Morning sunlight streamed through the window and hit Nigel on the face, rousing him. Nigel groaned. His little raccoon escapade had done him no favors. He could feel a cold coming on. He looked over at the blanket nest, only to find it empty. He carefully crept out of bed and searched the room. No raccoon.

“Where’d you go, you little fucker?” A quick look in the bathroom revealed the same. He heard something rustle in the kitchen and walked that way. “Gotcha.”

Only there was no raccoon in the kitchen. Instead, there was a naked young man rifling through the cabinets.

“Nenorocitule! Who the fuck are you? How did you get in here?” Nigel shouted.

The young man turned around, looking confused. “My name is Adam. You let me stay last night.”
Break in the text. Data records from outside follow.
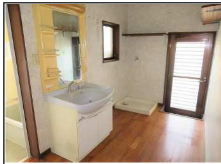
洗面脱衣所 & 洗濯機置き場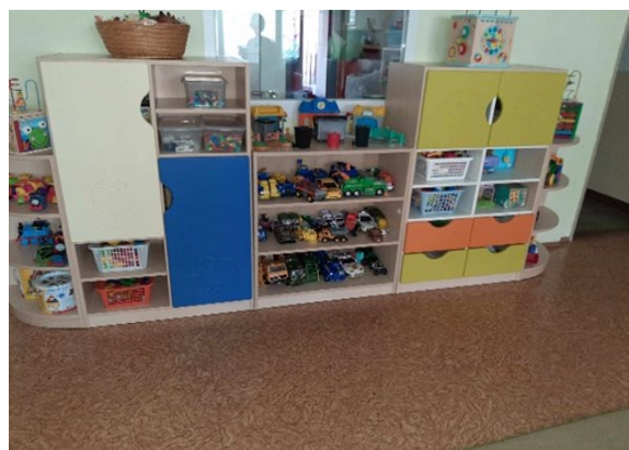
Obrázok : Záhradný nábytok, postielky, nábytok pre deti.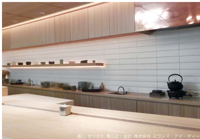
寿し せりざわ 青山店 / 設計 株式会社 スワンス・アイ・ティ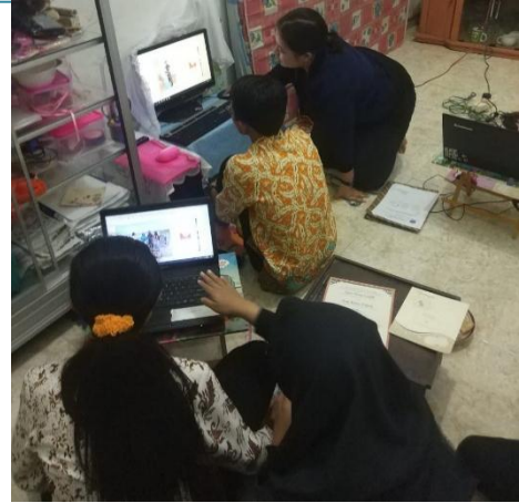
Gambar 6. Pendampingan Penggunaan Alat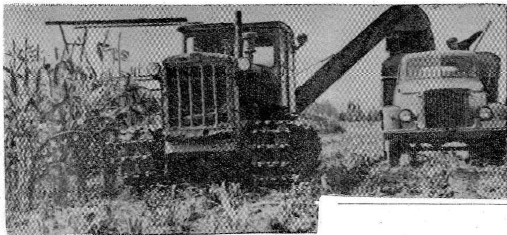
На 10 гектарах неплохая кукуруза выращена в отделении Петровское совхоза „Красный фронтвик“.

На снимке: уборка кукурузы силосоуборочным комбайном.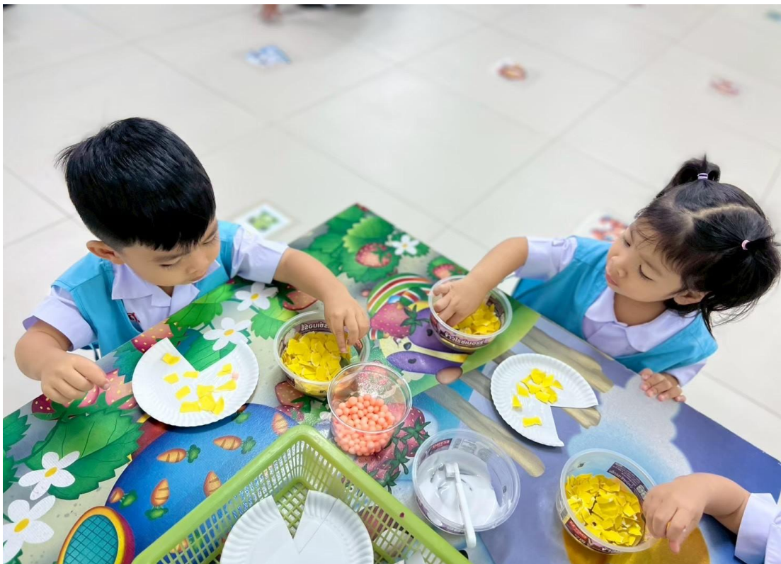
รูปภาพที่ 18 กิจกรรมศิลปะ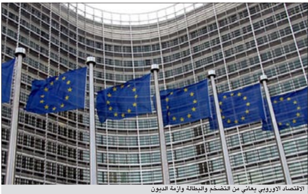
الاقتصاد الأوروبي يعاني من التضخم والبطالة وأزمة الديون

متزايد، بشأن الاقتصاد، مشيرة إلى ارتفاع معدل التضخم الذي بلغ 2,6% في منطقة اليورو و3,3% في الاتحاد الأوروبي هذا العام، و«هشاشة» أسواق المال وخصوصاً في قطاع السندات السيادية. كما من المقرر أن تظل عملية التعافي «بلا جدوى وظيفياً» مع توقعات ببلوغ معدل البطالة في منطقة اليورو 10% هذا العام على أن ينخفض إلى 9,7% في العام القادم، بينما سيخفّض المعدل في الاتحاد الأوروبي من 9,5% إلى 9,1% خلال الفترة ذاتها. وصدرت البيانات حيث تزايدت التكهات بشأن إمكانية إعادة هيكلة ديون اليونان مع قول الكثير من خبراء الاقتصاد إن حزمة الإنقاذ البالغة 110 مليارات يورو (157,5 مليار دولار) وحصلت عليها البلاد العام الماضي ليست كافية. وما يعزّز حجم التحديات التي تواجهها السلطات في أيضاً، قال تقرير المفوضية إن الدين اليوناني من المتوقع أن يرتفع إلى رقم مرتفع جداً يبلغ 166,1% من الناتج المحلي الإجمالي في عام 2012، مرتفعاً من 142,8% في عام 2010. كما اضطرت الذراع التنفيذية للاتحاد الأوروبي إلى تعديل كبير لتوقعات النمو للبرتغال ثالث دولة بمنطقة اليورو سيحصل على حزمة إنقاذ تبلغ قيمتها 85 مليار يورو والمتوقع الموافقة عليها الأسبوع المقبل. وفي آخر توقعاتها الاقتصادية الشاملة في نوفمبر، توقعت بروكسل أن تخرج البلاد من الركود في عام 2012 بمعدل نمو يبلغ 0,8%، لكنها الآن تقول إن الاقتصاد سينكمش بنسبة 1,8% في ذلك العام.

Nigel snorted. “The fuck I did. I let a fucking raccoon stay after it fucking broke in.”

“Yes.”

“You’re saying _you’re_ a fucking raccoon?”

“I can shift into a raccoon, yes. Though I’m not sure what intercourse has to do with it…” The young man, _Adam_ , trailed off. 

“Sure you are. And I’m the fucking king of England.”

Adam cocked his head. “England doesn’t have a king.”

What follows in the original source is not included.